In this Section:

Integrated Prenatal Screening (IPS)


Screening Recommendations

The Society of Gynecology and Obstetrics of Canada recommends that “all pregnant women in Canada, regardless of age, should be offered, through an informed consent process, a prenatal screening test for the most common clinically significant fetal aneuploidies in addition to a second trimester ultrasound for dating, growth, and anomalies.” The commonest method of fulfilling this is to do Integrated Prenatal Screening (IPS) testing combined with an 18-20 week ultrasound.

Integrated Prenatal screening is a three step process.

  1. Nuchal translucency (NT) and early anatomy Ultrasound.  This is done at 11-13 weeks, but ideally should be scheduled between 11 weeks 5 days and 13 weeks 6 days. The gestational age is confirmed. The tissue at the back of the fetus’s neck (NT) is measured. (Babies with trisomy 21 and other aneuploidys tend to accumulate more fluid here)

  2. The first blood test must be done on the same day. Your patient must have the correct paperwork with them to complete the test. This test measures proteins in the blood and is used to modify the risk rating.

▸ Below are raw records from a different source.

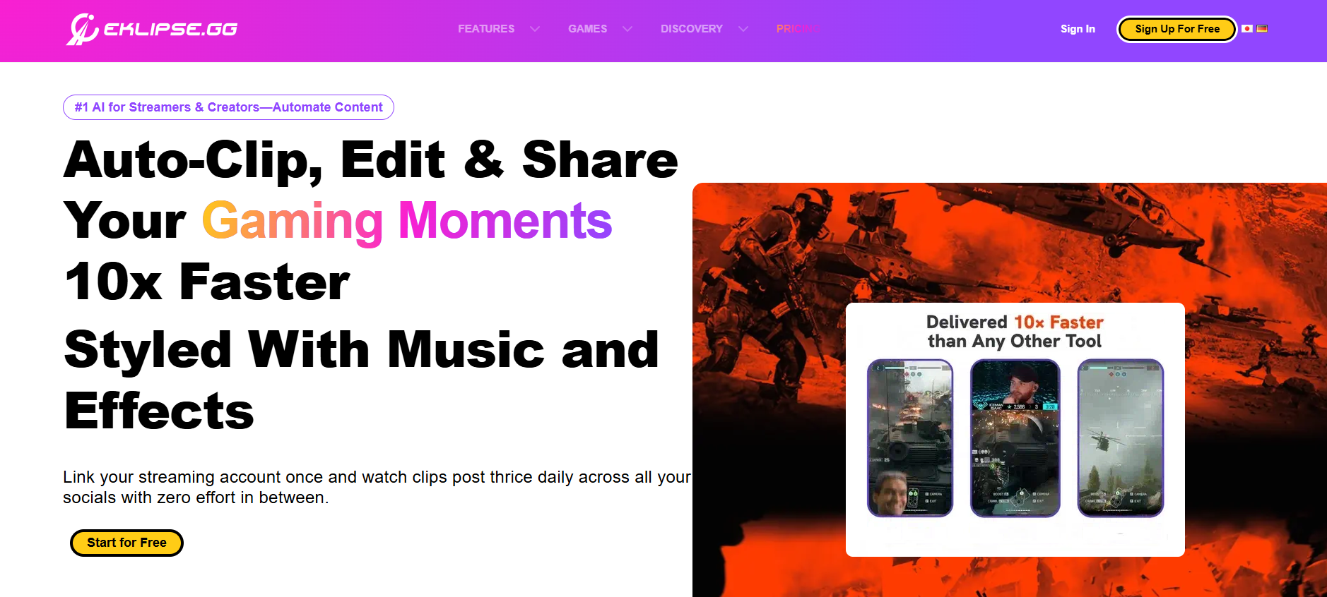 Eklipse dominates gaming highlight detection with training across 1,000 plus games including precise event recognition. The web based platform detects real in game events like kills, clutches, objectives, and victories rather than random motion or audio spikes that create meaningless clips.
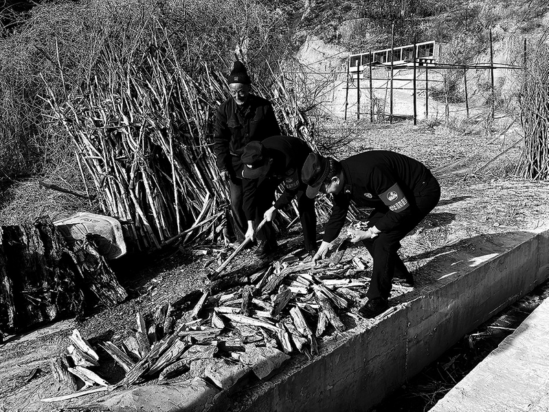 得知老人家中还缺些柴火,队员们顾不得休息,拿起斧头忙活起来。劈柴、码放,动作娴熟利落,不一会儿,一堆整齐的柴火便堆放在屋檐下。
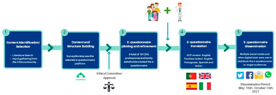 The questionnaire content was designed to understand the entire CDG patient journey, ranging from diagnosis to information needs and health care/social support measures. The questions were based on (1) a literature review and identification of validated questionnaire-based tools and (2) input from members of the CDG community, including the Portuguese Association for CDG (APCDG) (Figure 1) [18,19,23,24,25].
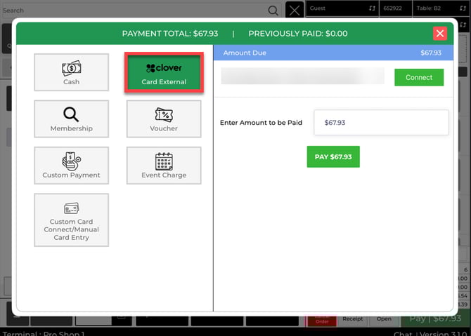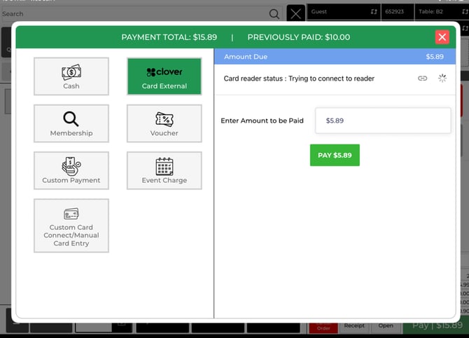 Step 4: For credit card payments, tap the card option used at your facility (commonly Card External for a Clover Go device).
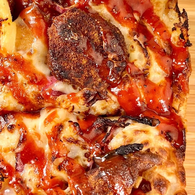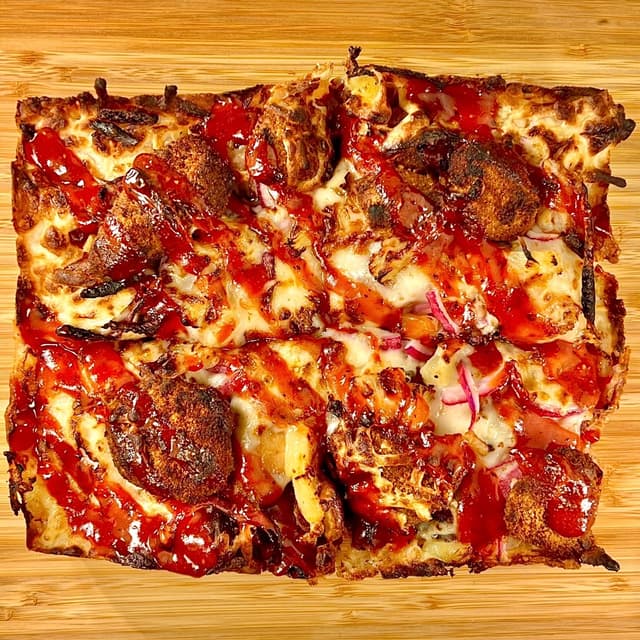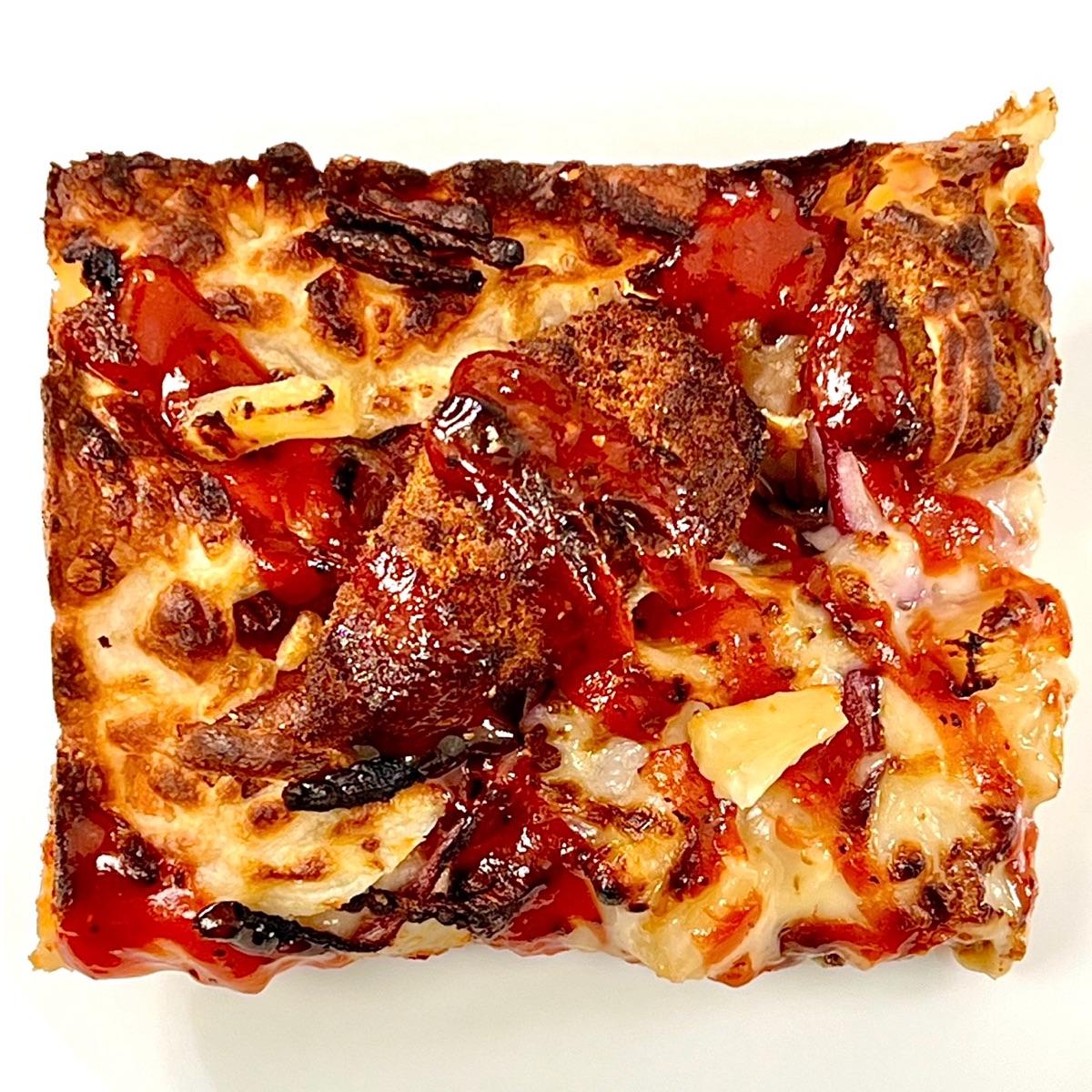 This consisted of luscious melty GOOD PLANeT Foods 🐄🥛-free mozzarella, red onion, lively, seasoned, crispy, meaty Buddy’s Steaks 🌱-based fried 🐥, pineapple, and sweet and tangy BBQ sauce on a thick sourdough crust with crisp edges and a light and airy crumb inside. This had a fantastic combination of delicious flavors. It can be made gluten-free.
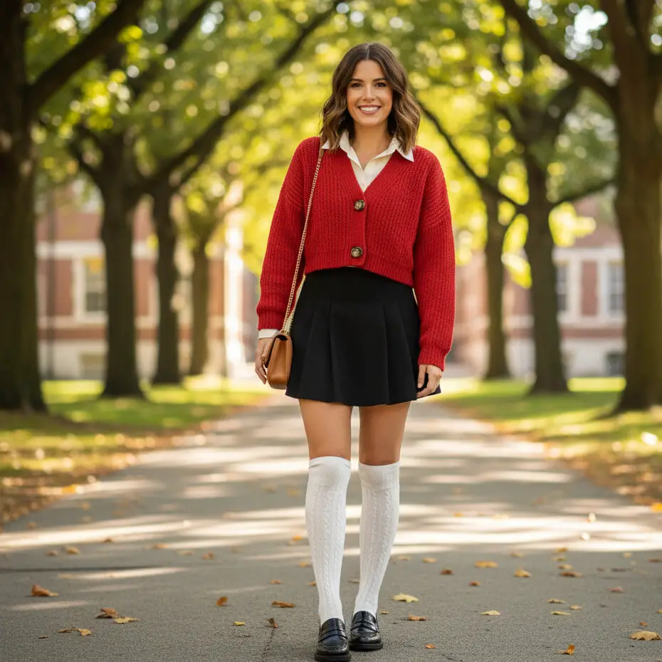 Channel your dream clothes energy with a soft red cropped cardigan, a pleated mini skirt, and loafers. Add knee socks and a shoulder bag for a preppy, Pinterest-inspired look.
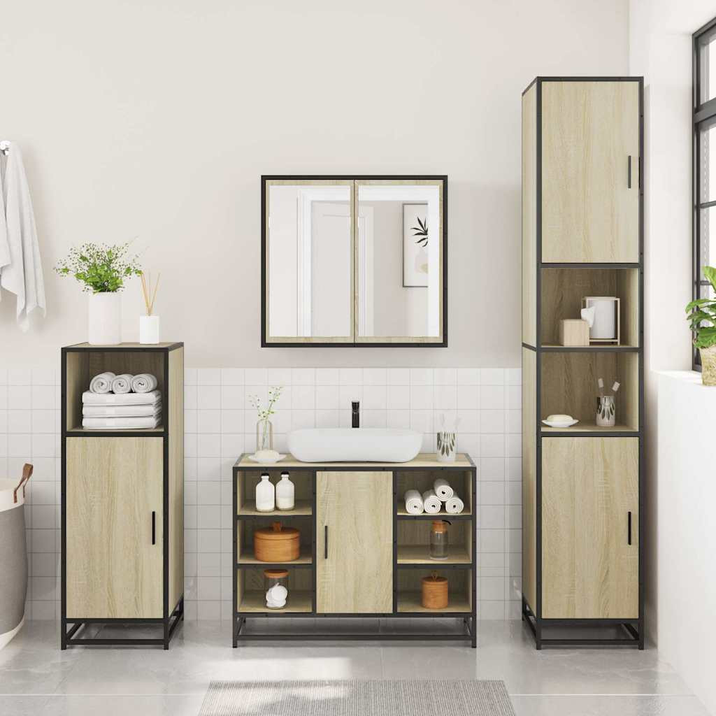 sonoma tölgy szerelt fa fürdőszobai mosdószekrény 80x33x60 cm

  3. The second blood test is done between 15 – 18 weeks.



Results are labeled as either screen positive or negative.

  • Screen Positive - If the results indicate a greater than 1/200 risk of Down’s syndrome or a 1/100 risk of Trisomy 18 or 13 they are considered positive.  2% of all tests will be positive. Most will be false positive. Close to 90 per cent of the pregnancies affected with Down syndrome will screen positive (true positive).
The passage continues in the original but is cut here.